Consul General MUTO Akira Attends the Los Angeles Urban League’s Whitney M. Young, Jr. Annual Awards Dinner ‘A Century of Service’

On June 30, Consul General of Japan in Los Angeles MUTO Akira attended the Los Angeles Urban League’s Whitney M. Young, Jr. Annual Awards Dinner ‘A Century of Service’ held at the Beverly Hilton.
The Consulate General of Japan in Los Angeles has actively pursued partnerships with the diverse communities in our region, including initiatives to strengthen the relationship with the African American community. The L.A. Urban League, an organization that works to empower African Americans and others, celebrated its 100th anniversary at the awards dinner. U.S. Congresswoman Karen Bass and Los Angeles city councilmembers were among the notable officials in attendance to celebrate the milestone.
In his remarks at the awards dinner, Consul General Muto warned that divisions within the United States, a nation that has long championed democracy, threaten to undermine the legitimacy of democracies.  Community building efforts are especially important today as the Russian invasion in Ukraine has shown the fragility of democracy, and the importance for democracies to stand united to fight against tyrannies, he said.
As such, Consul General Muto announced the four pillars of collaborations for solidarity in the U.S., which the Consulate General will work on with the African American community. As a way to protect democracy, these efforts are a humble contribution towards healing divisions within the U.S. to support unity and solidarity, explained Consul General Muto.

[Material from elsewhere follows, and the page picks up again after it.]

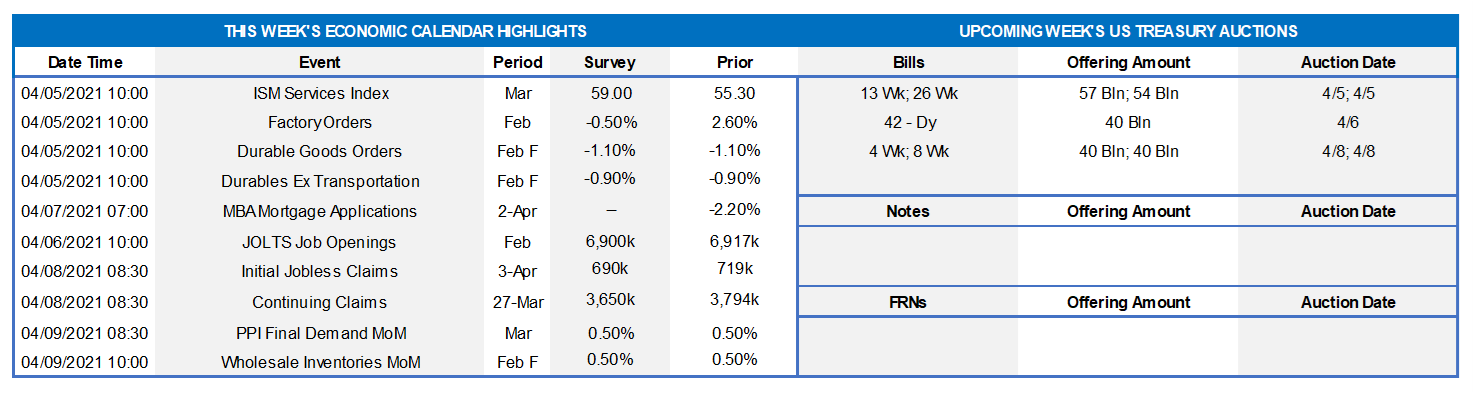 On the UST supply front, this week allows the market another reprieve. Recent auction sizes have been of record size and another contributor to the curve’s moves in Q-1. Much of Europe enjoys a long holiday weekend, and so activity and corporate supply may be light to begin the week. The market will keep focus on further Covid-19 and infrastructure bill developments; the Minutes from the last FOMC meeting will also be dissected for any signs of market-moving potential.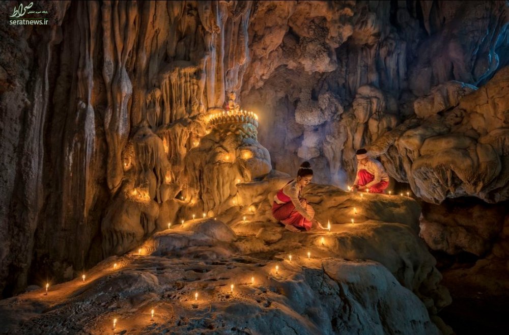 عکس امروز نشنال جئوگرافیک مراسم آیینی بودایی ها را در یک غار آهکی در نزدیکی شهر ماولامیاین میانمار نشان می دهد که شرکت کنندگان شمع هایی را برای پیشکش به بودا روشن می کنند. این شمع های روشن، نماد نوری هستند که آموزه های بودا به زندگی پیروان او بخشیده است.

Ambassador Michael A. Lawson, President & CEO of the LAUL
and Consul General Akira Muto 
The first pillar is the Consulate General’s Japan & Black L.A. Initiative, which strives to enhance mutual understanding between Japanese and Black communities, and seeks support for a Japanese language program. As a second pillar, Consul General Muto launched a Japan Job Training (JJT) program in which Japanese companies are set to offer career events and increase opportunities for underserved communities. These Japanese companies will partner with California State University, Dominguez Hills to launch a new curriculum for R&D or product development to help better prepare students for new jobs. The third pillar is a KAKEHASHI Young Leaders program sponsored by the Government of Japan that will send a delegation of promising young African American leaders to Japan. The fourth pillar will be the institutionalization of these efforts by local institutions such as the Japanese American National Museum (JANM) and the Japanese American Cultural & Community Center (JACCC), which will hold events in partnership with the Japan & Black L.A. Initiative. Starting this year, the JACCC will embark on the Bronzeville Project, which over two years will showcase the history of the Japanese American and the African American communities. Both communities have historically enjoyed a mutually supportive relationship in Little Tokyo, including during the postwar period, and elsewhere. By learning from such history, the Japan & Black L.A. Initiative will aim to further enhance friendships between our communities.